GW627368X ((N-{2-[4-(4,9-diethoxy-1-oxo-1,3-dihydro-2H-benzo[f]isoindol-2-yl)phenyl]acetyl} benzene sulphonamide): a novel, potent and selective prostanoid EP4 receptor antagonist.

1. N-{2-[4-(4,9-diethoxy-1-oxo-1,3-dihydro-2H-benzo[f]isoindol-2-yl)phenyl]acetyl}benzene sulphonamide (GW627368X) is a novel, potent and selective competitive antagonist of prostanoid EP4 receptors with additional human TP receptor affinity. 2. At recombinant human prostanoid EP4 receptors expressed in HEK293 cells, GW627368X produced parallel rightward shifts of PGE2 concentration-effect (E/[A]) curves resulting in an affinity (pKb) estimate of 7.9 +/- 0.4 and a Schild slpoe not significantly different from unity. The affinity was independent of the agonist used. 4. In rings of phenylephrine precontracted piglet saphenous vein, GW627368X (30-300 nM) produced parallel rightward displacement of PGE2 E/[A] curves (pKb = 9.2 +/- 0.2; slope = 1). 4. GW627368X appears to bind to human prostanoid TP receptors but not the TP receptors of other species. In human washed platelets, GW627368X (10 microM) produced 100% inhibition of U-46619 (EC100)-induced aggregation (approximate pA2 approximately 7.0). However, in rings of rabbit and piglet saphenous vein and of guinea-pig aorta GW627368X (10 microM) did not displace U-46619 E/[A] curves indicating an affinity of < 5.0 for rabbit and guinea-pig prostanoid TP receptors. 5. In functional assays GW627368X is devoid of both agonism and antagonist affinity for prostanoid CRTH2, EP2, EP3, IP and FP receptors. At prostanoid EP1 receptors, GW627368X was an antagonist with a pA2 of 6.0, and at prostanoid IP receptors the compound increased the maximum effect of iloprost by 55%. At rabbit prostanoid EP2 receptors the pA2 of GW627368X was < 5.0. 6. In competition radioligand bioassays, GW627368X had affinity for human prostanoid EP4 and TP receptors (pKi = 7.0 +/- 0.2 (n = 10) and 6.8 (n = 2), respectively). Affinity for all other human prostanoid receptors was < 5.3. 7. GW627368X will be a valuable tool to explore the role of the prostanoid EP4 receptor in many physiological and pathological settings.
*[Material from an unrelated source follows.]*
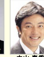
平 将明 衆議院議員(東京都)
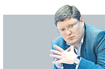
Андрей Исаев первый заместитель руководителя фракции «Единая Россия» в Государственной Думе

Functional pharmacology of human prostanoid EP2 and EP4 receptors.

Prostanoid EP(2) and EP(4) receptor-mediated responses are difficult to distinguish pharmacologically because of the lack of potent, selective antagonists. We describe systematic agonist fingerprints for recombinant human prostanoid EP(2) and EP(4) receptors expressed in CHO and HEK293 cells, respectively. The rank orders of potency of endogenous prostaglandins were: prostanoid EP(2) receptors: prostaglandin E(2)>>prostaglandin D(2)=prostaglandin F(2alpha)>prostaglandin I(2); prostanoid EP(4) receptors: prostaglandin E(2)>>prostaglandin I(2)>prostaglandin D(2)=prostaglandin F(2alpha). Butaprost free acid (9-oxo-11alpha,16R-dihydroxy-17-cyclobutyl-prost-13E-en-1-oic acid) behaved as a highly selective partial agonist at prostanoid EP(2) receptors while butaprost methyl ester elicited small, low potency responses. The prostanoid EP(1) and EP(3) receptor agonists misoprostol (9-oxo-11alpha,16-dihydroxy-16-methyl-prost-13E-en-1-oic acid, methyl ester), sulprostone (N-(methylsulphonyl)-9-oxo-11alpha,15R-dihydroxy-16-phenoxy-17,18,19,20-tetranor-prosta-5Z,13E-dien-1-amide), and GR63799X ([1R-[1alpha(Z),2beta(R*),3alpha]-(-)-4-benzoylamino)phenyl-7-[3-hydroxy-3-phenoxy-propoxy)-5-oxocyclopentyl]-4-heptenoate), and the prostanoid DP receptor agonist BW245C ((4S)-(3-[(3R,S)-3-cyclohexyl-3-hydropropyl]-2,5-dioxo)-4-imidazolidineheptanoic acid), activated both prostanoid EP(2) and EP(4) receptors. Prostaglandin I(2), iloprost (6,9alpha-methylene-11alpha,15S-dihydroxy-16-methyl-prosta-5E,13E-dien-18-yn-1-oic acid, trometamol salt) and cicaprost (5-[(E)-(1S, 5S, 6S, 7R)-7-hydroxy-6-[(3S, 4S)-3-hydroxy-4-methylnona-1,6-diinyl]-bicyclo[3.3.0]octan-3-yliden]-3-oxapentanoic acid; ZK96480) were full agonists at prostanoid EP(4) receptors. Key differentiating agonists are: butaprost FA, 16,16-dimethyl-prostaglandin E(2), 19-(R)-hydroxy prostaglandin E(2), misoprostol, BW245C, prostaglandin F(2alpha) and prostaglandin D(2).